You may not associate Honeywell International (NASDAQ:HON) with aerospace, but that industry is precisely what's stopping the industrials conglomerate from growing full potential. The COVID-19 pandemic, of course, is largely to blame for the airline industry's woes, but Honeywell's other segments are struggling as well, and the company just projected big drops in full-year sales and earnings.
But with Honeywell actively pursuing acquisition and partnership opportunities in this downturn to lay a stronger foundation for the future and the stock making a comeback in the Dow Jones Industrial Average index, should you ignore the company's current struggles and buy the stock while there's still time?
A mixed quarter
Honeywell shares have bounced nearly 60% from their March lows, driven partly by enthusiasm about the company's recent growth moves. But before I get to what they are, let's check how Honeywell fared in its latest quarter.
Honeywell's third-quarter organic sales slipped 14% year over year, driven by a 25% drop in sales from its aerospace segment as demand for commercial equipment remained muted. The segment manufactures a wide range of products, software, and services, ranging from propulsion engines, wheels, and power systems to navigation and radar systems and also serves the U.S. Department of Defense. Aerospace contributed nearly 38% to Honeywell's total sales in 2019.
Here's how Honeywell's other segments fared in Q3:
- Honeywell building technologies: Sales dropped 8%.
- Performance materials and technologies: Sales slipped 16%.
- Safety and productivity solutions (SPS): Sales climbed 8%.
SPS growth can be credited to Honeywell's innovation in COVID-19 times.
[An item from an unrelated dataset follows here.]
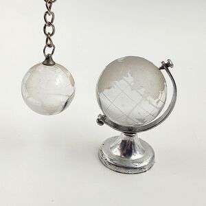 Vintage Mini Etched Glass Desk Globe & Matching Keychain
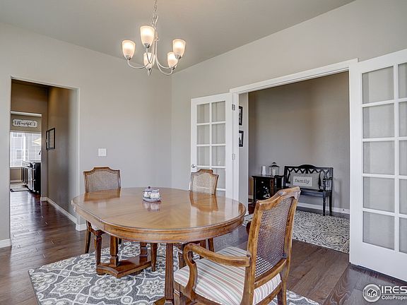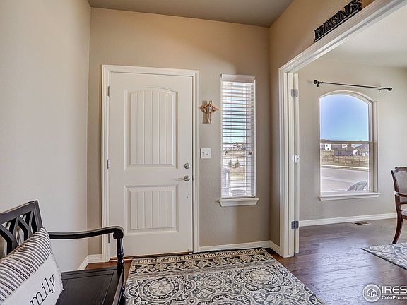 From the charming front porch to the back patio with beautiful mountain views, this is an amazing home! The stunning open floor plan with a pass-through butler's pantry makes this the perfect home for entertaining. The kitchen features a huge island, plentiful cabinets, gorgeous granite countertops and stainless appliances. Large windows and soaring ceilings flood this home with natural light. The large loft provides a bonus space for work or play. Spacious master retreat includes a double-sided fireplace shared with the luxury ensuite bath. Finished basement boasts a family room, a bedroom/study with a fireplace, a big under-stair storage area. plus an additional framed and pre-wired bathroom and fifth bedroom! Located on a coveted corner lot with plenty of outdoor living space and an open space buffer from your back yard neighbor. Easy walk to the neighborhood pool and Old Town Berthoud restaurants. Public records list year built as 2016 but home was completed in 2018.

For example, the company rapidly ramped up production of personal protective equipment (PPE), orders for which jumped 150% in Q3 and backlog hit a record high. Sales from Honeywell Intelligrated, the company's automation and robotics arm, also grew by double digits during the quarter.
Honeywell expects the momentum in SPS to continue into 2021. In fact, management expects organic growth in all four segments, and hopes to supplement that with growth opportunities. Honeywell has the financial clout, and that's something that's caught the market's attention of late.
Honeywell's growth key: It's technology, not industrial
Honeywell ended Q3 with nearly $15 billion in cash and short-term investments, a sum management intends to spend on opportunistic mergers and acquisitions and share repurchases.
Honeywell made two small but meaningful acquisitions in October. First was privately held Rocky Research, a power generation and thermal management systems specialist. This acquisition should expand Honeywell's aerospace portfolio into products like cooling systems which can fit commercial aircraft as well as unmanned aerial systems (UAS), or drones.
UAS, in fact, has been an area of special interest for Honeywell lately. Its second acquisition is proof: Honeywell acquired Ballard Power Systems' UAS unit, which manufactures fuel cell systems to power unmanned aerial vehicles. This comes close on the heels of Honeywell forming a UAS-dedicated business unit.
UAS is a multi-billion dollar market, projected to grow at double-digit compound annual rates in coming years; but that's just one of the growth opportunities for Honeywell. In October, Honeywell also teamed up with Microsoft to expand its Industrial Internet of Things reach and partnered with Vertiv Holdings to create solutions for data centers.
Honeywell projects these four acquisitions and partnerships to generate sales worth $1.2 billion over the next five years. The key point to note here, though, is that each of these moves are technology-driven, which is what should appeal to investors considering Honeywell stock.
Honeywell might be known as an industrials conglomerate, but its technological bent gives it a unique edge over others, and that's also where the company's real growth potential lies. I wouldn't be surprised to see more acquisitions on those lines.
Meanwhile, Honeywell increased its dividend for the 11th straight year last quarter and resumed share repurchases, further reflecting management's confidence in the company's growth and commitment to shareholders. Honeywell has a strong dividend history and yields 2.3% currently.
This stock deserves a premium
Honeywell might be projecting 12% to 13% drop in full-year sales, but its long-term growth story remains intact. Automation, robotics, Internet of Things, and UAS are only some of the explosive growth and massive addressable markets for Honeywell.
Right now, management is also aggressively cutting costs, expecting to save $1.5 billion-$1.6 billion in 2020. That should bolster Honeywell's recovery as the economy recovers. With management also targeting dividend growth in line with earnings in the long term, Honeywell is one of the best industrial stocks you could buy and own for decades.